İki bakıp bir göremeyince...

Evet; Risale-i Nur talebelerinin, baştaki iki göz gibi iki bakıp bir görmesi gerektiği Risalelerde geçen bir tesbittir.

Yani onlar, içtimaî ve siyasî hadiselere Nur'un beyanat ve tenvirleri zaviyesinden bakamadıkları ölçüde din, vatan ve millet zarar görmüş; meşveret, hürriyet ve demokrasi yolunda ilerleme yerine gerileme olmuştur.

Dünya gidişatı, İslâmiyet ve insaniyet adına esef verici.

İnsanlık âleminde hakikat arayıcılarına ve doğru İslâmiyeti yaşama ve yayma gayreti içinde olanlara inad; hakikatın perdelenmesine ve İslâmiyetin yanlış gösterilmesine kasten ve planlı olarak çalışılıyor.

Hem de, her milletin ileri gelenleri, mevki-makam-sermaye sahipleri, iktidar hırsından divane olmuş yöneticileri, fitnelere âlet olmada başrolde görünüyorlar. İslâm ülkelerinde, dünyayı kuşatan bu fitnelere karşı Müslümanca ve iman şuuruyla mukabele edilemiyor, inisiyatif kullanılamıyor.

Ahirzamanın en büyük fitnesi Deccalizm-Süfyanizmdir.

Mü'min ve Müslüman olarak, kulağımızı ve kalbimizi açık tutarsak, âyet-i kerimeler ve hadis-i şerifler, fitnelerin mahiyetini ortaya koymuşlardır.

İşte sayısını bilemediğimiz hadis-i şeriflerden sadece iki tanesi:

"Din; dünya menfaatine alet edilince, fitneler zuhur eder."

"Fitneler artmadıkça, kıyamet kopmaz."

Maraşlı merhum Âşık Hüdaî ne güzel demiş:

"Faydası olmayan bahardan, yazdan, yüce dağ başının kışı makbuldür.

Cahilin yaptığı sözden sohbetten; âlimin hayali, düşü makbuldür."

Hele bir âlim ki; sözü, izi ve yazısı hep Kur'ânî ve Peygamberî olsa...

Hele bir âlim ki; bize "hayal ve düş" gibi gelen beyanları bile hakikatın ta kendisi olsa...

Hele bir âlim ki, siyaset ve içtimaîyat üzerine yazdıkları da, istikbâle ait beyanları da, düş ve hayalden uzak hakikatler olsa...

Ahirzaman müceddidi ve Kur'an müfessiri olan bu âlimin beyanları ışığında neşriyat yapan bir gazetemiz var ki; herkes bu gazeteyi tanıyıp okumasa da, bu gazete herkesi ve her kesimi okuyor.

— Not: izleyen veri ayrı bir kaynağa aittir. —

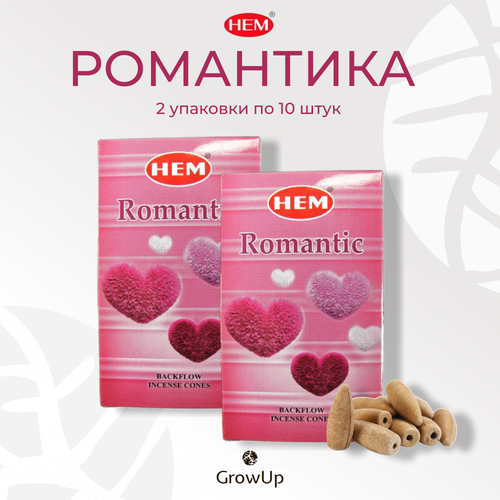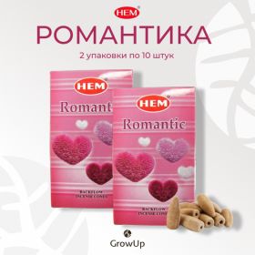 HEM Романтика - 2 упаковки по 10 шт - ароматические благовония, пуля, стелющийся дым, Romantic - ХЕМ

Herkesi anlamaya, yardımcı olmaya çalışıyor. Toplumun her kesimine; zenginlere, fakirlere, çocuklara, gençlere, ihtiyarlara, hastalara, musîbetzedelere, ilim ve irfan ehline, akademisyenlere ve siyasetçilere, hülâsa herkese ayrı ayrı manevî ve fikrî reçeteler sunuyor.